From viewing other mothers, I see how the first casual glance over their shoulder changes to panic, how their movements become quicker, head, eyes, limbs darting around, then their abandoning shopping carts in search of the only thing that truly feeds their soul. The fear, the panic, the dread, the drive. They say a mother has the strength to lift a car if it means saving her child. I think that week Mrs. Butler could have lifted a bus just to find Jenny-May. As it got into the second month she looked as though she could barely lift her own eyes above ground level. Jenny-May had taken a big chunk of her with her, too.

It turned out that I was one of the last to see her. When Grandma and Granddad arrived at noon that day, I opened the door to welcome them in and Jenny-May cycled past. She turned to look at me and gave me a look. One of her looks that I hated so much. A look that could wither you instantly. A look that said “I’m better than you and you are going to lose today at King/Queen and then Stephen Spencer will know what an incompetent lanky idiot you are.” I looked over my grandmother’s shoulder as I hugged her and watched Jenny-May cycling down the road with her head held high, her chin back and nose in the air, and her blond hair falling to the small of her back. I did what anyone in my situation would have done. I wished she would disappear.

That day my dad won £500 in the lotto scratch cards. He was so delighted, I could tell. He sat down in the kitchen with me and tried not to smile, but I could see the corners of his lips curling. We could hear Mrs. Butler crying in the next room with my mother.

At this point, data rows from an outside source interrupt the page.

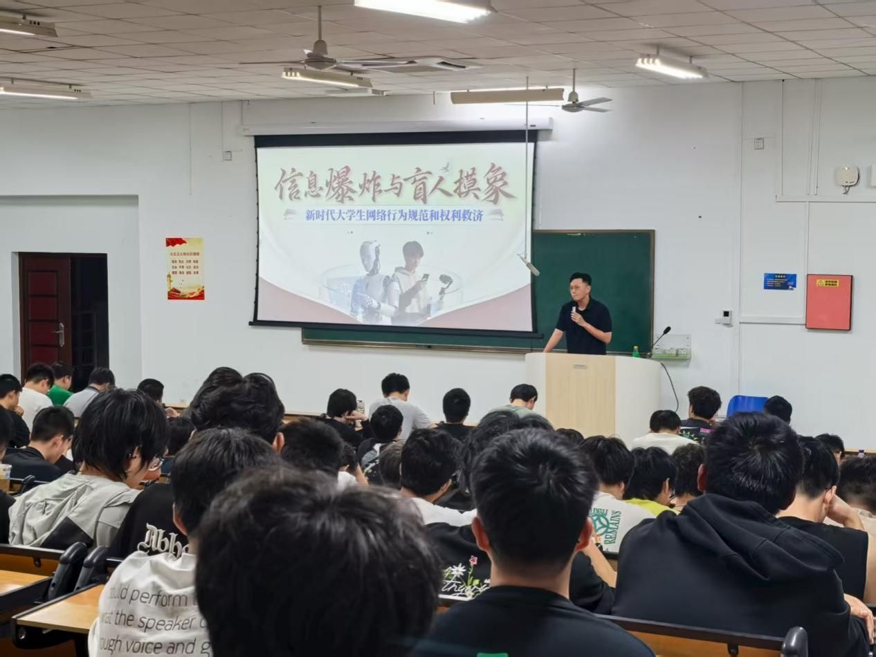 郑志涛从高校网络纠纷的实例切入,以鲜活的案例、生动的讲解和专业的知识,逐步分析“信息如何爆炸”“爆炸如何致盲”“盲人如何摸象”。讲座清晰呈现了网络的法治化进程,明确了学生们应承担的网络义务,对同学们理性用网、依法上网提出了建议。
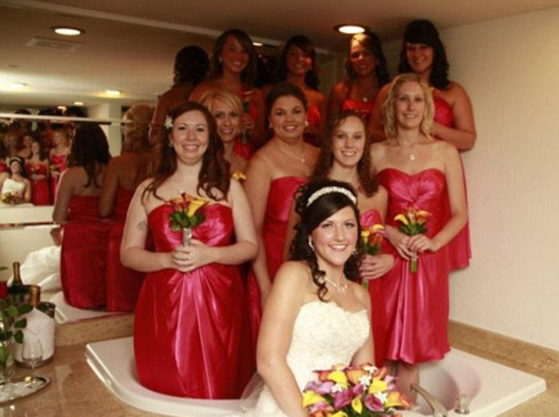 新娘和伴娘们被要求站在热水浴缸中。(网页截图)
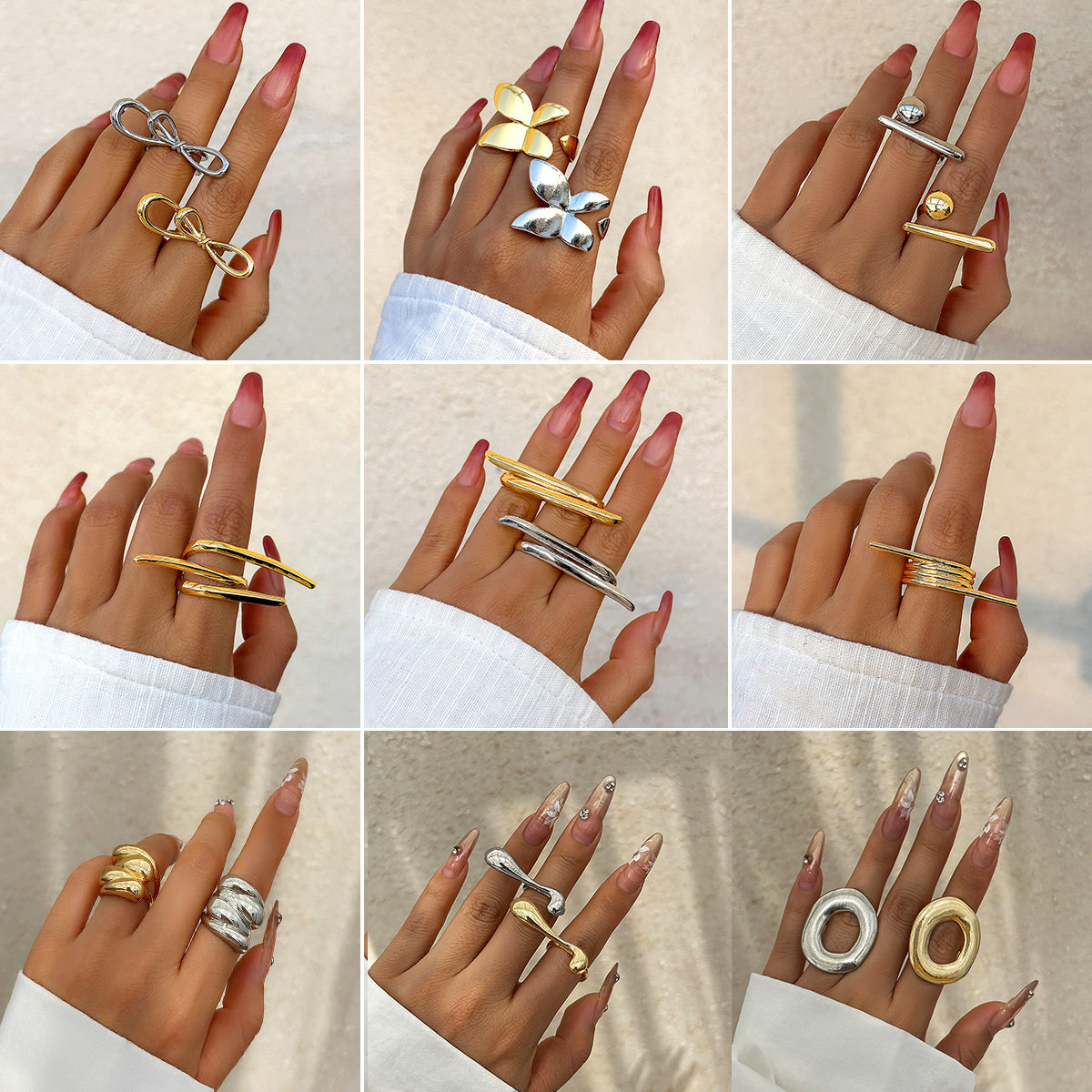 European And American Cross-Border Exaggerated French Metal Glossy Butterfly Ring Women'S Simple Bow Two-Finger Ring Ring
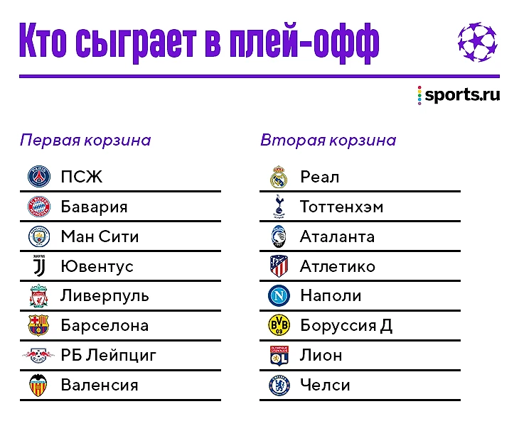 Схема остается прежней: победители групп (первая корзина) сыграют с командами, занявшими вторые места (вторая корзина). В 1/8 не могут встретиться команды из одной страны и группы. Команды первой корзины играют первые матчи в гостях.
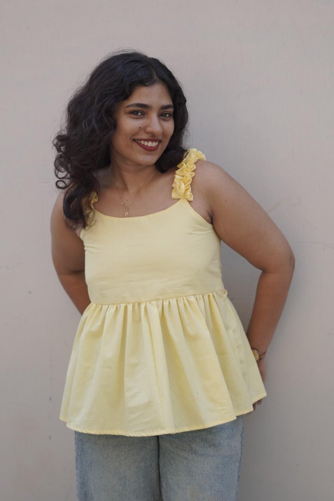 A sweet and breezy yellow peplum top designed with cute ruffled straps and a flowy silhouette. Light, playful, and perfect for sunny days, this top adds a soft feminine charm to your everyday outfits. Pair it with jeans, skirts, or shorts for an effortlessly cute look. ☀️
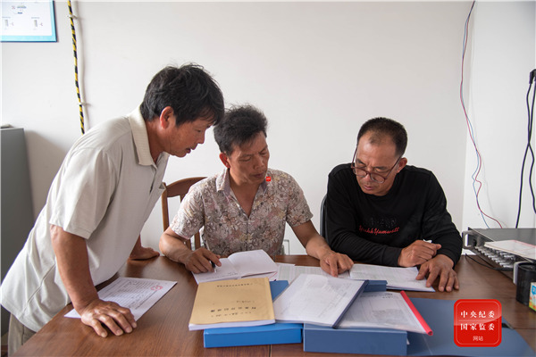 廣西壯族自治區(qū)鹿寨縣鹿寨鎮(zhèn)波井村村務(wù)監(jiān)督委員會成員定期對村級黨務(wù)、村務(wù)、財(cái)務(wù)公開情況及三重一大重要事項(xiàng)的決策等進(jìn)行監(jiān)督檢查,確保村級事項(xiàng)決策公平、公開透明。(廣西壯族自治區(qū)柳州市鹿寨縣紀(jì)委監(jiān)委 韋娟 攝)

He placed his hand over mine and I knew he was thinking right then that he was so lucky, what a lucky father to win money in the lotto and still have his daughter when people like Mr. and Mrs. Butler were suffering so much. I, in turn, was glad that I hadn’t gone missing and due to Jenny-May’s no-show I was now the undisputed champion of King/Queen. I’d also made some new friends now that Jenny-May wasn’t around to tell them not to. Things were going great for my family and life couldn’t possibly be any worse for Mr. and Mrs. Butler. My parents stayed up late those nights talking and thanking God how they had been blessed.

But something inside me felt different. Jenny-May’s last stolen glance had taken a part of me with it. That day, Mr. and Mrs. Butler weren’t the only parents to lose a child.

Like I said, there’s always balance.